I really enjoyed the next essay by Charles A. Gallagher titled: "Color-blind Privilege: The Social and Political Functions of Erasing the Color Line in Post-Race America." I enjoyed this article precisely because it was able to outline everything wrong with whites who state that they are "color-blind" and that there are no longer disparities due to race in the U.S. Hearing that someone is "color-blind" when considering the races of others has always been a pet peeve of mine but I have never been able to completely articulate just why it bothers me so much. Yes, it is a discounting of experiences of someone of a different race but I couldn't ever put this in context. Thank you Charles Gallagher for giving me some fuel to use in my next debate with someone that thinks a "color-blind" society is a better society. Some particular ideas that resonated with me from the article: that "color blindness maintains white privilege by negating racial inequality," that color blindness hides white privilege, and that color blindness "erases America's racial hierarchy by implying that social, economic, and political power" are shared by everyone in the U.S. no matter what their background is. Some of the statements that Gallagher quoted shocked me with their ignorance. I highlighted the entire quote attributed to James. Even though he says that he lives in a big house and is able to go to school debt-free, he believes it was solely due to "hard work" by his parents and that anyone can reach his parents' level of success if they work hard enough. This completely discounts other people's experiences and starting points. I assume that he probably didn't have to work throughout high school and was able to maintain high grades because he had more time to devote to his studies. What about those minorities that do not share this starting point? What if they have to "work hard" both in school and in the outside world in order to have a place to live and food to eat? What if there was a determined kid just like James but he had to hold down a part time job in order to help his family out? Would he be able to maintain the same grade point average with less time to study? I think not.
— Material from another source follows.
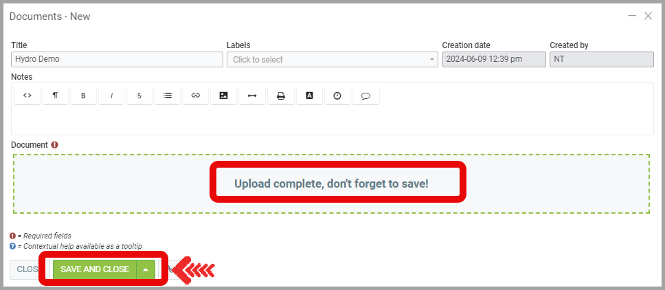 Once the document has uploaded to GEM-CAR, the window will display Upload completed, don't forget to save!.

The third reading was by Rich Benjamin and called "Refugees of Diversity" and describes what Benjamin calls "whitopias," new communities made up of primarily white people fleeing the cities and suburbs in search of places that uphold "traditional" values. He is careful to mention that most of the people fleeing the suburbs and cities do so in order to provide a stable place to raise families but that due to these places "perceived whiteness" they imply other down-home family-type values such as cleanliness, friendliness, and low crime. Benjamin also talks about the idea of a "post-racial America" and uses these whitopias as a counter-point to the place of race in the U.S. It's interesting that many Americans, as Benjamin points out, associate community-based small towns as primarily white without even really thinking about it. What is it about whiteness that presumes "order, cleanliness, friendliness, and safety"? Why do we have these prejudices?

Monday, March 22, 2010

Week 10 Reading Response

This week we finished up Robert Self's "American Babylon" and also read a short piece by Bob Wing in the reader, "Educate to Liberate!: Multiculturism and the Struggle for Ethnic Studies."

In Wing's essay, he traces the history of the institutionalization of Ethnic Studies academic programs in universities and colleges across the U.S. As of 1999, he says "Ethnic Studies today probably occupies a more prominent place in U.S. academic and intellectual life than at any time in history." He then writes about the initial goals of Ethnic Studies and how they have been watered down for corporate sponsorship in the late 1990s, at the time of Wing's essay.

I found the initial goals of Ethnic Studies programs valid. A few that Wing lists include transforming the racist educational system, demanding relevant education for racial struggles, and support for community organizing. This curriculum seems to support educating students in past racial struggles, the continued work towards a unified student body, and valuable lessons in affecting real change through political and community organization. Perhaps I have a skewed view due to my place in the 21st century and my liberal political leanings, but how could these goals be considered "radical"?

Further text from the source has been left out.